Published: Wed 7 Apr 2010 10:39 AM
UPDATE: Buyers securing milk powder supply as production dries up
by Paul McBeth
April 7 (BusinessWire) – Fonterra Cooperative Group, the world largest exporter of dairy products, put today’s 21% surge in the price of whole milk powder on its online auction trading platform down to tighter supply as Australia and New Zealand near the end of the production season.
Paul Graves, manager of Fonterra’s globalDairyTrade platform, said “production is down in Australia and the upper North Island is very dry – milk is drying up quicker than what we thought.”
This had been compounded by a cold winter in Europe that had pushed back the start to the Northern Hemisphere’s production season, he said.
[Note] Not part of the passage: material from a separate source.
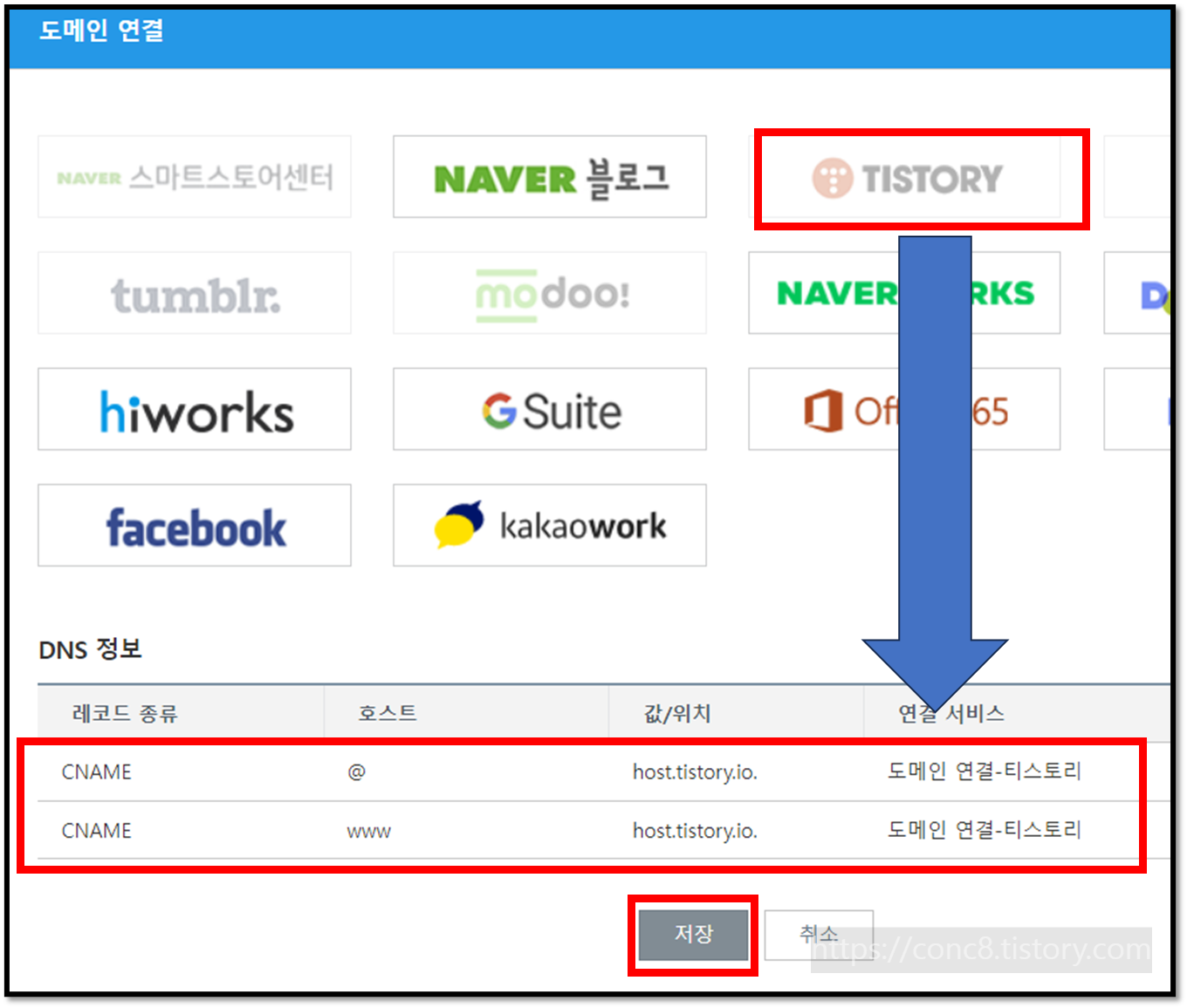 티스토리(TISTORY)를 클릭하면, 아래에 DNS 정보가 자동 추가 됩니다. '저장'클릭하세요.

“We anticipated there would be a slight increase, but the move was greater than what anyone in the market was anticipating,” he told BusinessWire.
Buyers “appear to have paid to secure supply” with price rises across all timeframes, he said.
The average price for whole milk powder jumped 21% to US$3,969 a tonne, according to the globalDairyTrade website managed by CRI International, from a month earlier.
That’s the highest level since the first auction in July 2008, and more than double last year’s trough in July. It followed yesterday’s data release showing a record high reading on the ANZ Commodity Price Index for March.
The gain was the second this year, after last month’s 0.8% gain, though dairy prices dropped 1.2% on the ANZ commodity index last month.
Graves said the sustainability of the gain would rely on the strength of consumer demand, though the result indicated the ongoing volatility of dairy prices and that it’s “incredibly difficult to predict” their direction.
The average price for anhydrous milk fat jumped 22% to US$4,827 per tonne, its highest level since it began trading on the platform, while skim milk powder surged 26% to US$3,672 a tonne in its second event.
New Zealand exports of milk powder, butter and cheese arrested their decline in February, gaining 2.5% to $757 million from the same month a year earlier, though casein and caseinates tumbled 40% to $55 million over the same period.
Dairy products account for some 22% of New Zealand’s $39.5 billion worth of exports.